Zimbabwe Bans Plastic Foam Containers to Protect Environment

Zimbabwe Bans Plastic Foam Containers to Protect Environment


Zimbabwe’s Environment Management Agency has ordered the food industry to stop using containers made of expanded polystyrene and replace them with recyclable or biodegradable ones.

The agency recommends restaurants use paper packaging or encourage patrons to partake of their food on site.

The ban on expanded polystyrene (EPS) went into effect immediately, upsetting business owners left with unused stocks.

“I think this is quite unfair,” said Denford Mutashu, the president of the Confederation of Zimbabwe Retailers.

“We are going to comply,” he said, “but we would prefer that it becomes gradual because we need a period where it has to be phased out.”

However, Steady Kangata, the spokesman of the Environmental Management Agency, says this regulation dates back to 2012 and businesses were made aware.

“We have made wide consultations already,” he said. “The instrument that we have activated is an instrument of 2012, so the time lag between activation and promulgation, or gazetting of the regulation, they [the businesses] had promised us that they would come up with something tangible, but up to now nothing has come to fruition. So there is no going back. What they should be doing is looking at alternatives, because alternatives are there and are so many and diverse.”

EPS is a plastic foam, also known as a kaylite. The government says EPS is dangerous because it emits toxic chemicals when the containers are burned, and garbage is routinely burned in Zimbabwe.

Another issue is litter. The containers are among the garbage clogging drainage in Harare and contributing to flooding.

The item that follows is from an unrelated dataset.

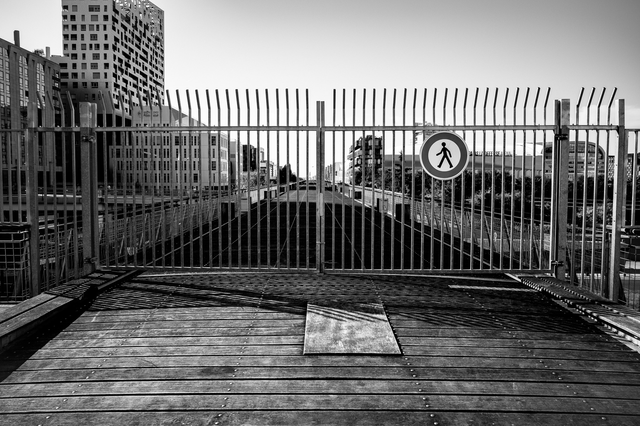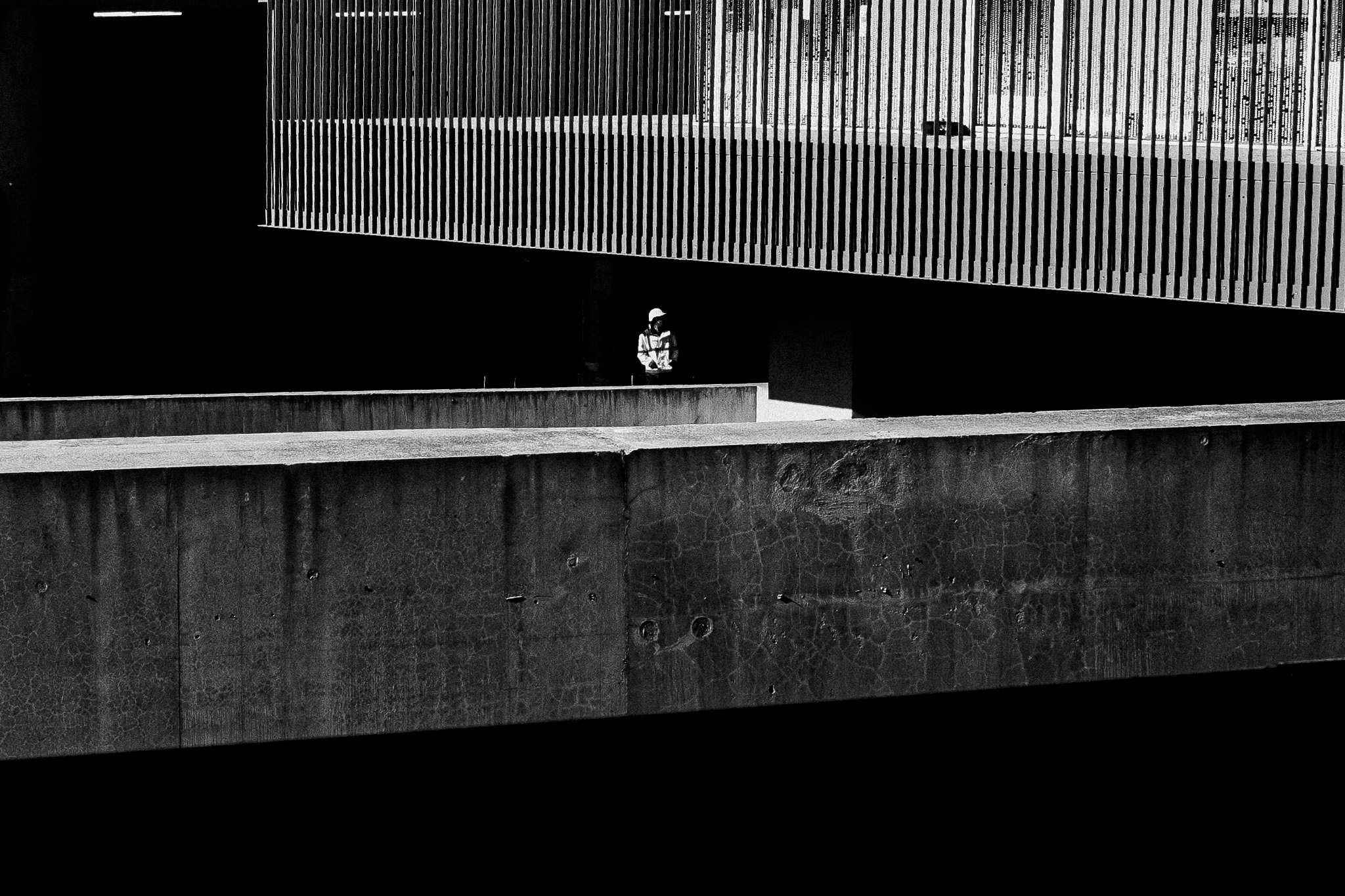 Je photographie la position de l'individu dans les structures de la ville et sa disparition progressive dans ces structures. Les figures humaines sont minuscules, l'architecture est dominante, les espaces sont géométriques, parfois fermés, souvent illisibles. Les individus ne contrôlent pas l'espace, ils sont portés par lui, canalisés, absorbés. La ville ne les a pas prévus — elle les a rendus superflus.

Environmentalists in Zimbabwe are applauding the ban but say the government hasn’t gone nearly far enough. Other African countries, including most recently Kenya, have banned the use of plastic bags.

“Plastics, when they get into the environment, especially in the food chain, are dangerous to animals,” said Christopher Magadza, a professor of environmental studies at the University of Zimbabwe. “And the thing is, people say some plastics are biodegradable. There is no biodegradable plastic. It just breaks up into smaller and smaller bits. … And when plastic catches fire, we breathe it and [it] spoils the air.”

The government says anyone found flouting the EPS ban will be fined between $30 and $5,000.